La persévérance de Chang-Tong paie, il est admis à l'université. Un monde nouveau s'ouvre à lui malgré l'exiguité de la chambre qu'il partage avec un coloc fondu de rap. Du Haibin explore avec finesse cet univers un peu hors sol qu'est l'université pour Chang-Tong. Il doit emprunter pour s'acheter un ordinateur, tout comme sa famille l'a fait pour financer son entrée à l'université. Il vaut mieux adhérer à l'association des étudiants. Chang-Tong en devient un membre actif et y propose ses services de photographe. Le tableau personnel comprend sans surprise la rencontre avec l'amour sous la forme d'une brillante étudiante de sa classe.

Mais Du Haidin n'oublie pas son sujet et nous donne le privilège de partager les cours très politiques que suit Chang-Tong. Les étudiants y apprennent sagement que Mao Tse Toung a eu une perception visionnaire dont on doit s'inspirer. Un gouvernement ne saurait s'imposer en allant contre les aspirations profondes de son peuple: or la Chine n'a pas de tradition démocratique. Et seuls les régimes autoritaires ont su porter leurs peuples sur la voie du progrès. CQFD.

Les convictions politiques de Chang-Tong apparaissent assez floues. Il cite de manière assez détachée la répression qui s'est abattue sur les manifestants de la place Tian 'anmen, et la persécution qui les a suivis tout au long de leur vie. Mais on sent toujours une attirance pour le spectaculaire révolutionnaire.

Un éveil se produit lorsqu'il va avec un groupe d'étudiants bénévoles assurer pendant quinze jours un enseignement dans un village reculé. Enseignement est sans doute un grand mot.
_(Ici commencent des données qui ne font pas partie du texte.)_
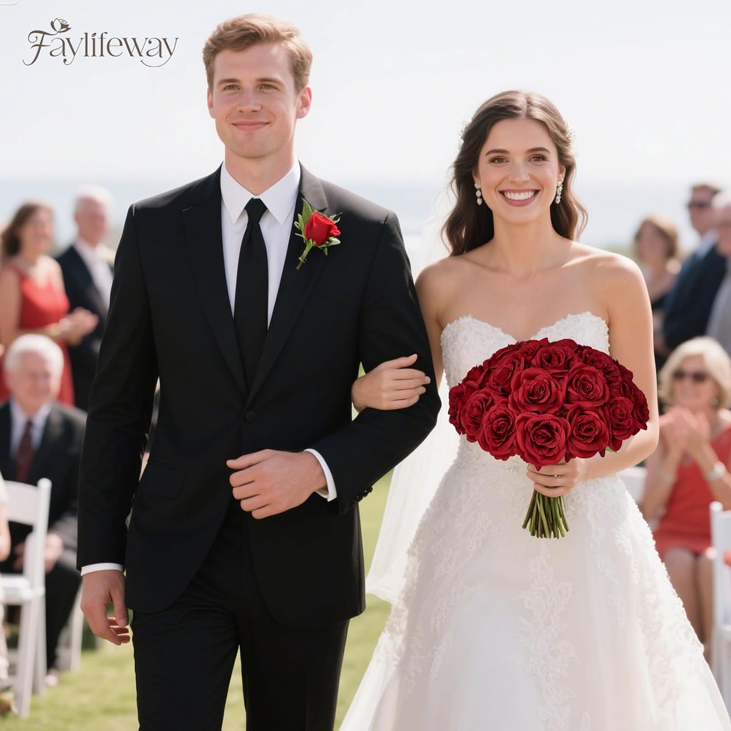 - Premium Material: Fake red roses is made of soft silk and pliable PVC stems with flexible wires in the stems, easily adjustable and long-lasting

En quelques jours, des mots de mandarin sont assénés à des enfants de l'éthnie Yi dont ce n'est pas la langue, des rudiments d'arithmétique, des chants patriotiques, une cérémonie de lever du drapeau national, le tout dans la boue et au milieu des poules.

Lorsque Chang-Tong est confronté à la corruption endémique qui caractérise la construction immobilière en Chine, son regard bascule. Les notables s'approprient de juteuses subventions lors des opérations de rénovation de quartiers entiers en détruisant les maisons des familles comme celle de Chang-Tong. Son grand père malade et très âgé n'y survit pas. Et film dans le film, Chang-Tong documente avec son appareil photo-caméra les derniers jours de son grand père et l'émouvante résistance de la famille devant l'avancée des démolisseurs.

Lorsqu'on retrouve Chang-Tong à l'université, il a bien changé. Crâne rasé et vaguement sentencieux, il apparaît à ses camarades comme un jeune homme en colère.

Le projet de Du Haibin trouve à la fois une limite et un dépassement. Sa limite réside dans la difficulté à faire émerger le véritable Chang-Tong sous le jeune homme qui se met volontiers en représentation. La dissolution du sentiment patriotique dans le constat des dégâts de la corruption dont lui et sa famille sont les victimes semble être un aboutissement de sa trajectoire. Du Haibin termine son film en opposant deux images. La première est celle du jeune Chang-Tong marchant dans un tunnel. En le suivant, la caméra découvre un long slogan publicitaire d'une banque proposant l'enrichissement pour toutes les familles. Elle est suivie de l'image énigmatique d'une statue du président Mao au visage recouvert d'un tissu, battue par le vent. Comprenne qui voudra.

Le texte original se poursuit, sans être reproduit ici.